Your fractals-based approach is fine, but does not solve the problems of
a
global economy. It is like the situation that a community is
communicating
in some natural language, say Swahili, and no one can speak English (or
one
of the other most-used languages). That community may be utterly happy,
but
cannot participate in the global economy (or at least it does not help
much
that they don't speak English). 

Besides that, "communities" of seemingly the same nature often have a
different scope of activities, sometimes small (but annoying), sometimes
large. Often this is caused by different legislation, education system,
habits, etc. They then think that they cannot cooperate, and they start
standardization for their own "parish".

I think that we should strive for a generic information representation
standard, including an upper ontology that has the blessing of the
experts
in that field, that plays the same role for data as English plays for
representations in a natural language. RDF and OWL are the *means* to
implement such a standard.

Our approach is that we map the data of application systems at the
source
into the RDF/XML format, contentwise defined in ISO 15926-7, and store
that
in a standard triple store with a standard API. We designed means to
make
such a triple store a member of a confederation (say per project), and
can
query (SPARQL) multiple triple stores inside such a confederation,
depending
on access rights. If necessary the query results are mapped to the
internal
format of the application system. Mapping is done only for data that are
owned and that need to be shared.

Are we there already? By no means! We are working on that on two
development
projects [2][3]. But as the Chinese say: "even the longest journey takes
a
first step". Although, "first step"?.... we are 19 years underway by
now,
and we see our destination at the horizon, also thanks to the efforts of
your organization.

Regards,
Hans

[1] http://www.InfowebML.ws
[2] http://www.fiatech.org/projects/idim/iso15926.html 
[3] http://www.posccaesar.com/


-----Original Message-----
From: Tim Berners-Lee [mailto:timbl@w3.org] 
Sent: Sunday, March 04, 2007 0:28
To: Hans Teijgeler
Cc: SW-forum; West, Matthew
Subject: Fractal communities: Was: Rich semantics and expressiveness


On 2007-03 -03, at 05:19, Hans Teijgeler wrote:

> Folks,
>
> In this context I would like to bring up something that keeps puzzling

> me.
>
> The W3C Semantic Web Activity Statement [1] starts with:
>
> "The goal of the Semantic Web initiative is as broad as that of the
> Web: to create a universal medium for the exchange of data. It is 
> envisaged to smoothly interconnect personal information management, 
> enterprise application integration, and the global sharing of 
> commercial, scientific and cultural data. Facilities to put machine- 
> understandable data on the Web are quickly becoming a high priority 
> for many organizations, individuals and communities."
>
> This is great, and it is what we strive for. But it is puzzling how 
> this can ever be achieved without a universal, generic, data-driven 
> model and standard data to drive that model. What I see happening is 
> that everybody can and often does invent instances of owl:Class and 
> owl:ObjectProperty on-the-fly, and then seems to expect that DL will 
> be the band-aid that solves all integration problems. In order to 
> assist the reasoners all sorts of qualifications are added (re 
> OWL1.1), but to me it seems that when this is done, actually a (rather

> private) data model is created again.
>
> Above statement envisages the "smooth interconnection" of a plethora 
> of totally different application domains. That is wise, because we 
> live in one integrated universe (domain), and nobody can dictate where

> one subdomain stops and the other begins.

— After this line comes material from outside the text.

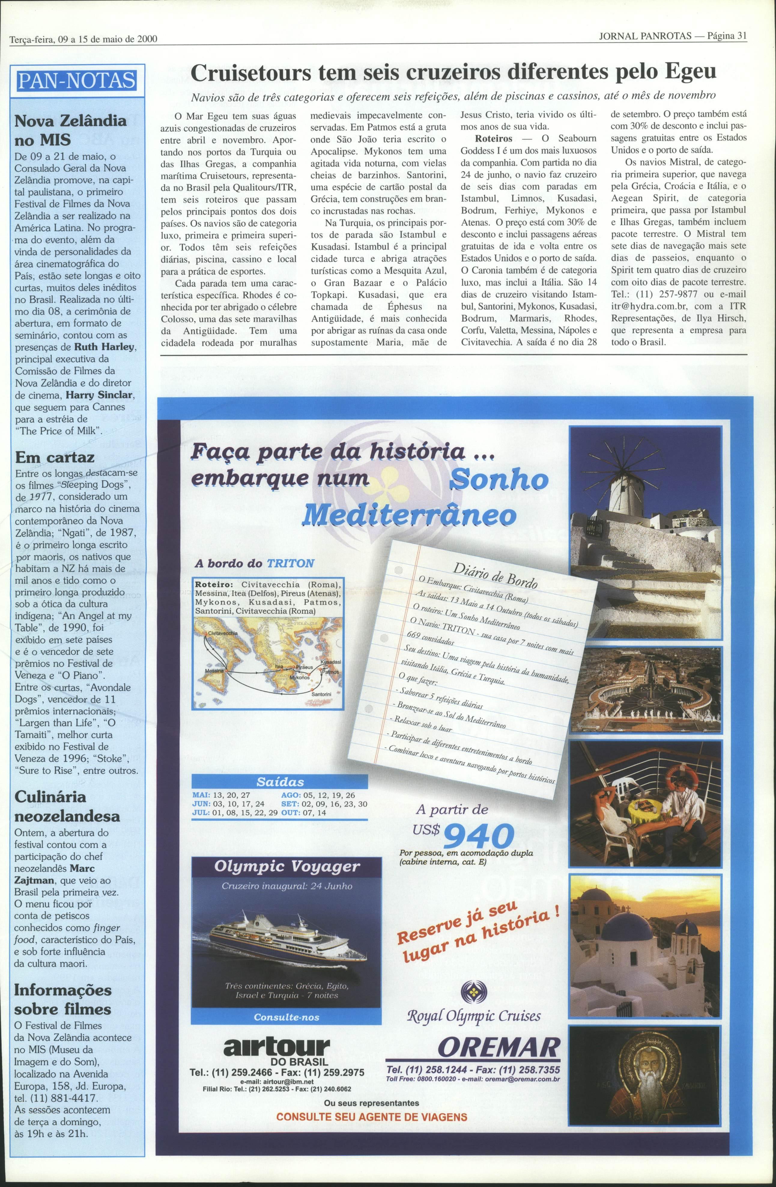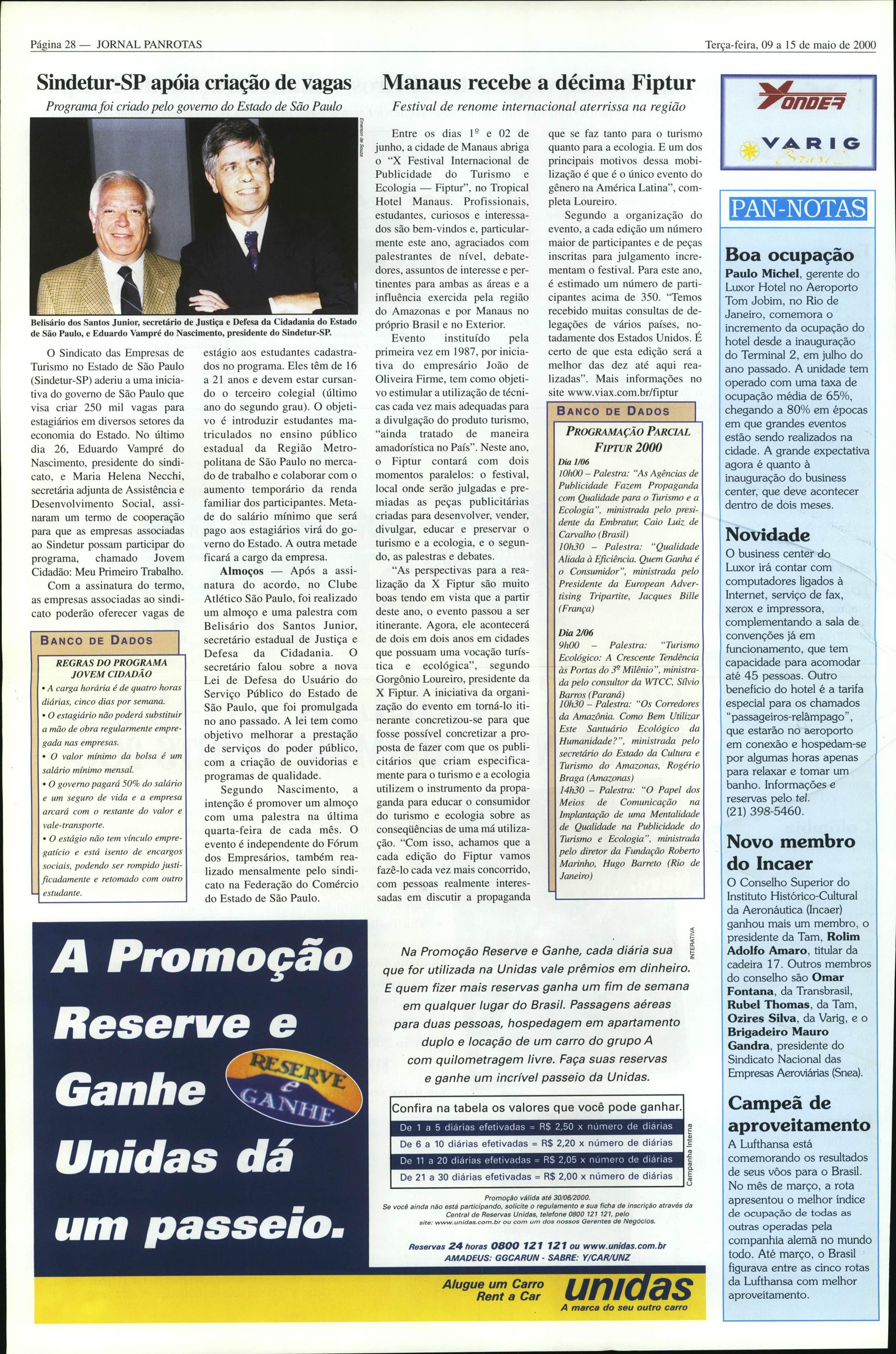 TÁ Rese«ve Wje>«eswol PPO: 0300-213-^2 W^nr 7Í PANROTAS TRAVEL ACE IMASG-iroLip CAü-fú <í<vrt-A-C«': i..L.Cr WMZ-lA-Jüi; PERIODICIDADE SEMANAL N" 393 09 A 15 DE MAIO DE 2000 Assinatura anual: 52 exemplares: R$ 96,00 - Exemplar avulso: R$ 3,00 ANO vm

Rather than 'domain of discourse' , or set of things considered, I think
of
'community', set of agents communicating using certain terms.  When one
thinks in terms of domain of discourse, one tends to conclude that
everyone
who talk at all about a car (say) has cars in their domain of discourse
and
so everyone must share the model which includes the single class Car.

It isn't like that though.  An agent plays a role in many different
overlapping communities.  When I tag a photo as being of my car, or I
agree
to use my car in a car pool, or when I register the car with the
Registry of
Motor Vehicles, I probably use different  
ontologies.   There is some finite  effort it would take to integrate  
the ontologies, to establish some OWL (or rules, etc) to link them.

- Everyone is encouraged to reuse other people's classes and properties
to
the greatest extent they can.
- Some ontologies will already exist and by publicly shared by many,
such as
ical:dtstart, geo:longitude, etc.  This is the single global community.
- Some ontologies will be established by smaller communities of many
sizes.

Why do I think the structure should be will be fractal?  Clearly there
will
be many more small communities, local ontologies, than global ones. Why
a
1/f distribution? Well, it seems to occur in many  
systems including the web, and may be optimal for some problems.   
That we should design for a fractal distribution of ontologies is a
hunch.
But it does solve the issue you raise.  Some aspects of the web have
been
shown to be fractal already.

Here are some properties of the interconnections:

- The connections between the ontologies may be made after their
creation,
not necessarily involving the original ontology designers.
- There is a cost of connecting ontologies, figuring out how they
connect,
which people will pay when and only when they need the benefit of extra
interoperability.
- Sometimes when connecting ontologies, it is so awkward there is
pressure
to change the terms that one community uses to fit in better with the
other
community. Again, a finite cost to make the change, against a benefit or
more interop.

> Hence the need for a universal model as a common denominator. But it 
> is striking that the word "interconnection" was used, rather than 
> "integration". Interconnection reminds me of EAI [2], so hub- based or

> point-to-point, where Semantic Web integration (as I understand it) 
> involves a web-based distributed data base.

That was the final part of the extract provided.